--- To do ---
Write out the data word for word, taking care that no picture is carried over.

--- Records to use ---
═══
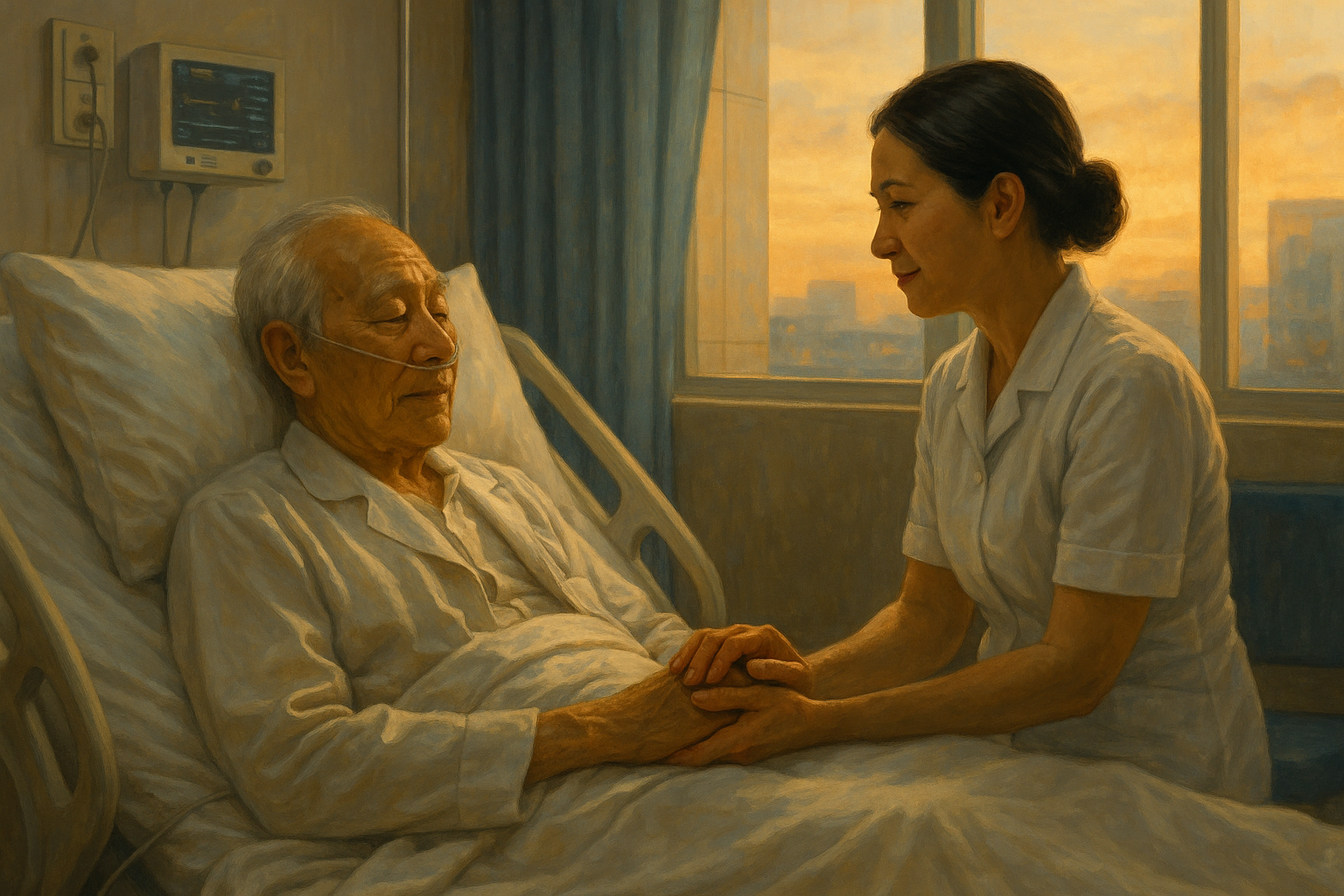 Tahun-tahun berlalu. Rambut Darma memutih, langkahnya tak lagi tegap. Hingga suatu sore, di ambang senja, ia terbaring di ranjang pasien ruang rawat tempat ia dulu bekerja. Sinta, yang kini menjadi kepala perawat, duduk di sampingnya sambil menggenggam tangan tua itu.
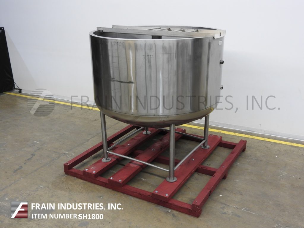 Back to All EquipmentHamilton, 750 gallon capacity, 304 stainless steel, low pressure jacketed kettle. Vessel dimensions: 72" diameter x 52" deep with 37" straight wall. Equipped with an open top, thermowell and 2½"OD / 2"ID Tri-Clamp style discharge with 18" ground clearance. Mounted on a (4) leg base.
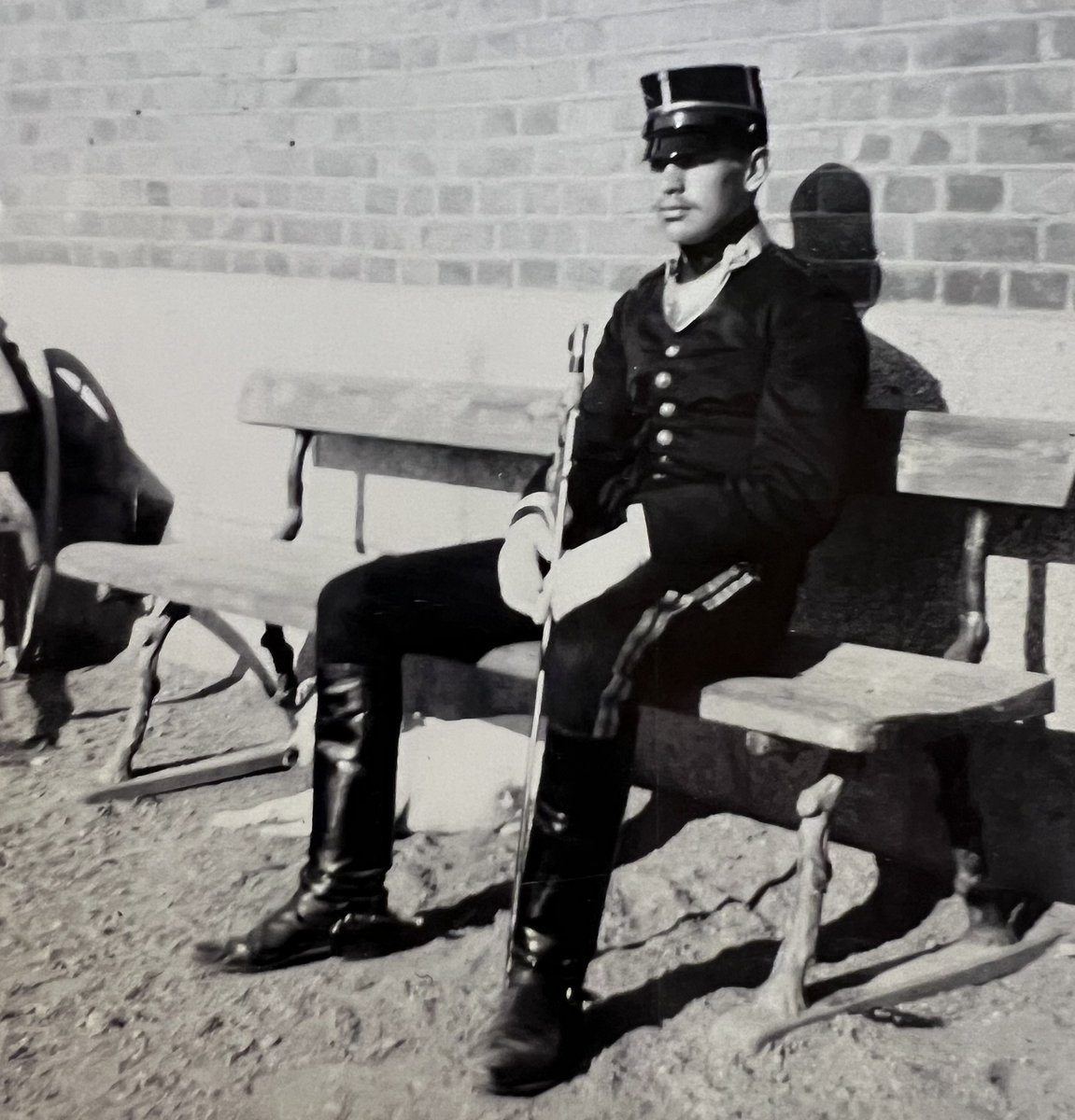 Smålands artilleriregemente, A 6. Underlöjtnant friherre G A Lagerfelt som dagofficer. Foto från år 1906.
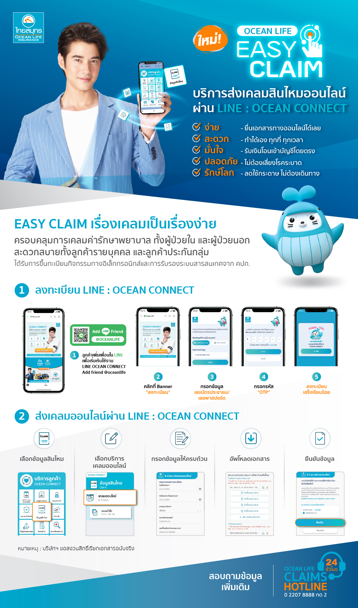 ดังนั้น OCEAN LIFE ไทยสมุทร จึงได้ส่งนวัตกรรมการบริการใหม่ล่าสุด! OCEAN LIFE EASY CLAIM บริการเคลมสินไหมออนไลน์ผ่าน LINE : @Oceanlife เชื่อมต่อ OCEAN CONNECT ที่ช่วยให้เรื่องเคลมเป็นเรื่องง่าย แบ่งเบาภาระของลูกค้าในยามเจ็บป่วยหากจำเป็นต้องเข้ารักษาตัวในโรงพยาบาล และต้องสำรองจ่ายค่ารักษาพยาบาล โดยครอบคลุมการเคลมค่ารักษาพยาบาลจากการเจ็บป่วยหรืออุบัติเหตุ สำหรับผู้ป่วยใน (IPD) และผู้ป่วยนอก(OPD) และกรณีสินไหมค่าชดเชยรายได้รายวันทั้งลูกค้ารายบุคคล และลูกค้าประกันกลุ่มลูกค้า ซึ่งลูกค้าสามารถส่งเคลมสินไหมออนไลน์ได้ง่าย ๆ จากทุกที่ทุกเวลาตลอด 24 ชั่วโมงผ่าน LINE : OCEAN CONNECT
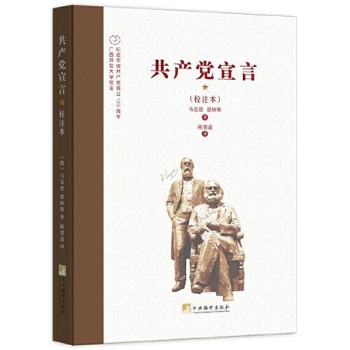 《共产党宣言》是马克思和恩格斯为共产主义者同盟起草的纲领,全文贯穿马克思主义的历史观,是马克思主义诞生的重要标志。由马克思和恩格斯执笔写成 。1848年2月21日在伦敦次以单行本问世。2月24日,《共产党宣言》正式出版。1920年8月,由陈望道翻译的首个《共产党宣言》中文全译本在上海出版。《陈望道译(校注本)》对陈望道译翻译的《共产党宣言》中与今天的译法出入较大的人名、地名、专
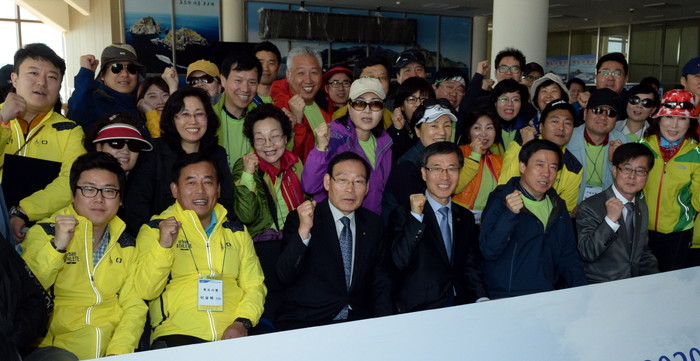 16일 오후 경상북도 울릉도 사동항에서 조종철(앞줄 왼쪽부터) 독도사랑 운동본부 사무차장, 이상배 자문위원, 손강목 울릉농협 조합장, 강철구 울릉군 부군수, 윤기석 NH농협생명 본부장, 현정도 NH농협은행 울릉군 지점장이 NH농협생명 임직원들과 함께 독도 수호를 위한 화이팅을 외치고 있다.
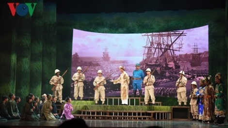 (VOVWORLD) - Zum 100. Jahrestag des volkstümlichen Gesangs Cai Luong haben die Künstler aus dem ganzen Land den Zuschauer das Cai Luong Theater-Stück „Lehrer Ba Doi“ präsentiert. Das Theater spiegelt die ruhmreiche Geschichte des Musikers Nguyen Quang Dai, der auch als Lehrer Ba Doi bekannt wurde. Er hatte den großen Beitrag zur Gründung und Entwicklung der Bühne des Cai Luong-Gesangs geleistet. VOV-Intendant Nguyen The Ky hat das Szenario von „Lehrer Ba Doi“ geschrieben, das dann von Künstlern Hoang Song Viet und Pham Van Dang für das Cai Luong-Theater komponiert wurden. Durch das Theater können die Zuschauer außerdem etwas über die Herkunft und die künstlerischen Werte dieser Kunstart in Vietnam erfahren.
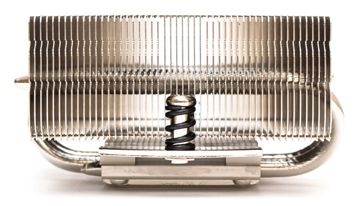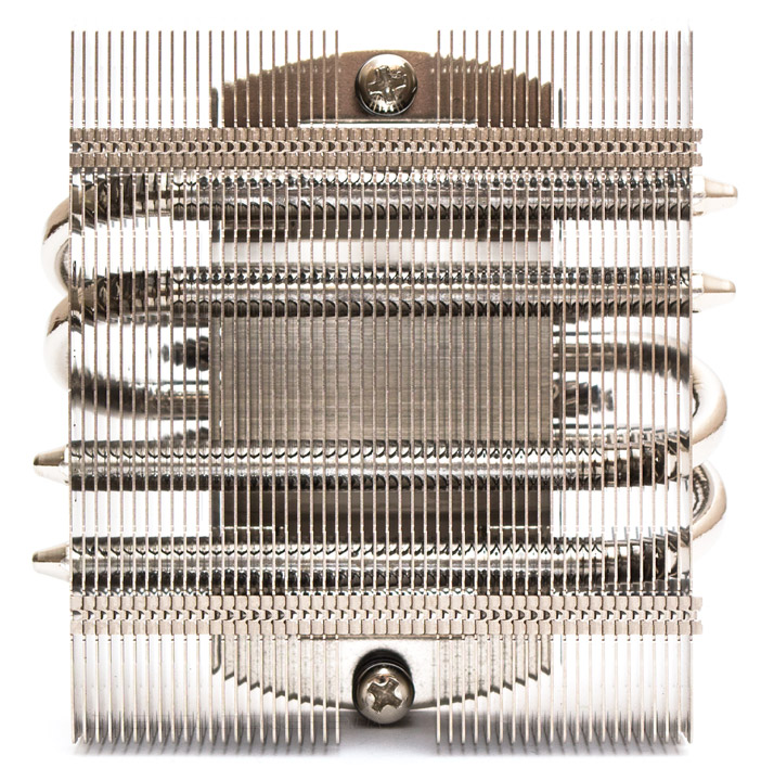 Сняв вентилятор, мы получаем возможность детальнее рассмотреть устройство радиатора. Основная его часть состоит из вертикальных алюминиевых ребер, дающих в сумме площадь рассеивания в 3100 см2. Посередине, в массиве радиаторных пластин, сделано два выреза, необходимых для того, чтобы добраться отверткой до крепежных винтов. Никаких аэродинамических оптимизаций на пластинах нет, да и бессмысленны они при столь маленьких габаритах. Два ряда канавок по бокам, со стороны винтов служат для крепления скобами 14- или 25-мм по толщине вентилятора.
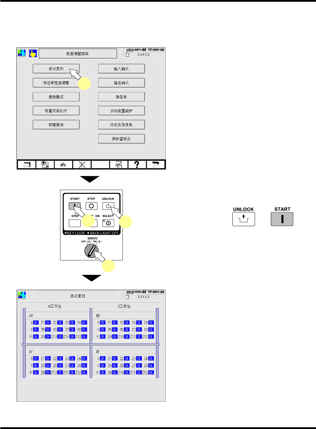 CM101-D 参考手册 2.4 机器调整 Pa ge 2- 31 2.4.1 原点复归 进行全部轴的原点复归 。 ∗ 请确认传送带上没有基 板后再进行。 1. 按 [ 原点复归 ] 。 2. 将伺服开关置于 ON ( I ) 。 ( 进行确认 ) 3. 按操作面板的 → 。 • 将开始原点复归。 • 完成原点复归后,将返 回到机器调整画面。 • 画面为高速吸头 (12 吸嘴 ) 。 (CM101 仅显示 1 工作台。 ) 2 3 3 …
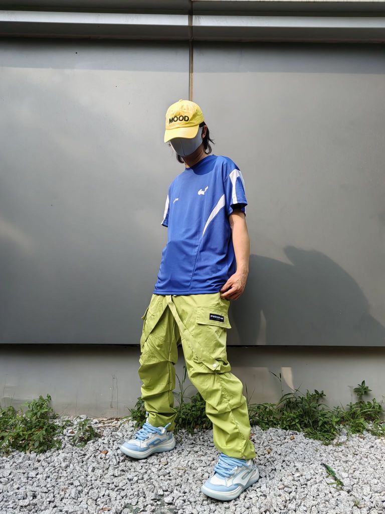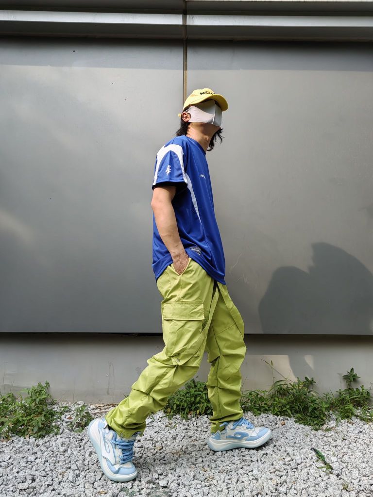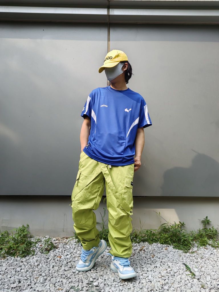 今日分享运动风松弛感户外穿搭日常 178/65kg 上衣VEIDOORN 宝可梦联名维动 拼色蓝色系 闪电⚡皮卡丘 透气 速干 圆领 短袖T恤 宽松清爽尺码xl 合身 下装:绿色工装风休闲裤 鞋子:厚底增高脚感软弹面包鞋
═══
--- Exercise response ---
 Tahun-tahun berlalu. Rambut Darma memutih, langkahnya tak lagi tegap. Hingga suatu sore, di ambang senja, ia terbaring di ranjang pasien ruang rawat tempat ia dulu bekerja. Sinta, yang kini menjadi kepala perawat, duduk di sampingnya sambil menggenggam tangan tua itu.
 Back to All EquipmentHamilton, 750 gallon capacity, 304 stainless steel, low pressure jacketed kettle. Vessel dimensions: 72" diameter x 52" deep with 37" straight wall. Equipped with an open top, thermowell and 2½"OD / 2"ID Tri-Clamp style discharge with 18" ground clearance. Mounted on a (4) leg base.
 Smålands artilleriregemente, A 6. Underlöjtnant friherre G A Lagerfelt som dagofficer. Foto från år 1906.
 ดังนั้น OCEAN LIFE ไทยสมุทร จึงได้ส่งนวัตกรรมการบริการใหม่ล่าสุด! OCEAN LIFE EASY CLAIM บริการเคลมสินไหมออนไลน์ผ่าน LINE : @Oceanlife เชื่อมต่อ OCEAN CONNECT ที่ช่วยให้เรื่องเคลมเป็นเรื่องง่าย แบ่งเบาภาระของลูกค้าในยามเจ็บป่วยหากจำเป็นต้องเข้ารักษาตัวในโรงพยาบาล และต้องสำรองจ่ายค่ารักษาพยาบาล โดยครอบคลุมการเคลมค่ารักษาพยาบาลจากการเจ็บป่วยหรืออุบัติเหตุ สำหรับผู้ป่วยใน (IPD) และผู้ป่วยนอก(OPD) และกรณีสินไหมค่าชดเชยรายได้รายวันทั้งลูกค้ารายบุคคล และลูกค้าประกันกลุ่มลูกค้า ซึ่งลูกค้าสามารถส่งเคลมสินไหมออนไลน์ได้ง่าย ๆ จากทุกที่ทุกเวลาตลอด 24 ชั่วโมงผ่าน LINE : OCEAN CONNECT
 《共产党宣言》是马克思和恩格斯为共产主义者同盟起草的纲领,全文贯穿马克思主义的历史观,是马克思主义诞生的重要标志。由马克思和恩格斯执笔写成 。1848年2月21日在伦敦次以单行本问世。2月24日,《共产党宣言》正式出版。1920年8月,由陈望道翻译的首个《共产党宣言》中文全译本在上海出版。《陈望道译(校注本)》对陈望道译翻译的《共产党宣言》中与今天的译法出入较大的人名、地名、专
 16일 오후 경상북도 울릉도 사동항에서 조종철(앞줄 왼쪽부터) 독도사랑 운동본부 사무차장, 이상배 자문위원, 손강목 울릉농협 조합장, 강철구 울릉군 부군수, 윤기석 NH농협생명 본부장, 현정도 NH농협은행 울릉군 지점장이 NH농협생명 임직원들과 함께 독도 수호를 위한 화이팅을 외치고 있다.
 (VOVWORLD) - Zum 100. Jahrestag des volkstümlichen Gesangs Cai Luong haben die Künstler aus dem ganzen Land den Zuschauer das Cai Luong Theater-Stück „Lehrer Ba Doi“ präsentiert. Das Theater spiegelt die ruhmreiche Geschichte des Musikers Nguyen Quang Dai, der auch als Lehrer Ba Doi bekannt wurde. Er hatte den großen Beitrag zur Gründung und Entwicklung der Bühne des Cai Luong-Gesangs geleistet. VOV-Intendant Nguyen The Ky hat das Szenario von „Lehrer Ba Doi“ geschrieben, das dann von Künstlern Hoang Song Viet und Pham Van Dang für das Cai Luong-Theater komponiert wurden. Durch das Theater können die Zuschauer außerdem etwas über die Herkunft und die künstlerischen Werte dieser Kunstart in Vietnam erfahren.
 Сняв вентилятор, мы получаем возможность детальнее рассмотреть устройство радиатора. Основная его часть состоит из вертикальных алюминиевых ребер, дающих в сумме площадь рассеивания в 3100 см2. Посередине, в массиве радиаторных пластин, сделано два выреза, необходимых для того, чтобы добраться отверткой до крепежных винтов. Никаких аэродинамических оптимизаций на пластинах нет, да и бессмысленны они при столь маленьких габаритах. Два ряда канавок по бокам, со стороны винтов служат для крепления скобами 14- или 25-мм по толщине вентилятора.
 CM101-D 参考手册 2.4 机器调整 Pa ge 2- 31 2.4.1 原点复归 进行全部轴的原点复归 。 ∗ 请确认传送带上没有基 板后再进行。 1. 按 [ 原点复归 ] 。 2. 将伺服开关置于 ON ( I ) 。 ( 进行确认 ) 3. 按操作面板的 → 。 • 将开始原点复归。 • 完成原点复归后,将返 回到机器调整画面。 • 画面为高速吸头 (12 吸嘴 ) 。 (CM101 仅显示 1 工作台。 ) 2 3 3 …
 今日分享运动风松弛感户外穿搭日常 178/65kg 上衣VEIDOORN 宝可梦联名维动 拼色蓝色系 闪电⚡皮卡丘 透气 速干 圆领 短袖T恤 宽松清爽尺码xl 合身 下装:绿色工装风休闲裤 鞋子:厚底增高脚感软弹面包鞋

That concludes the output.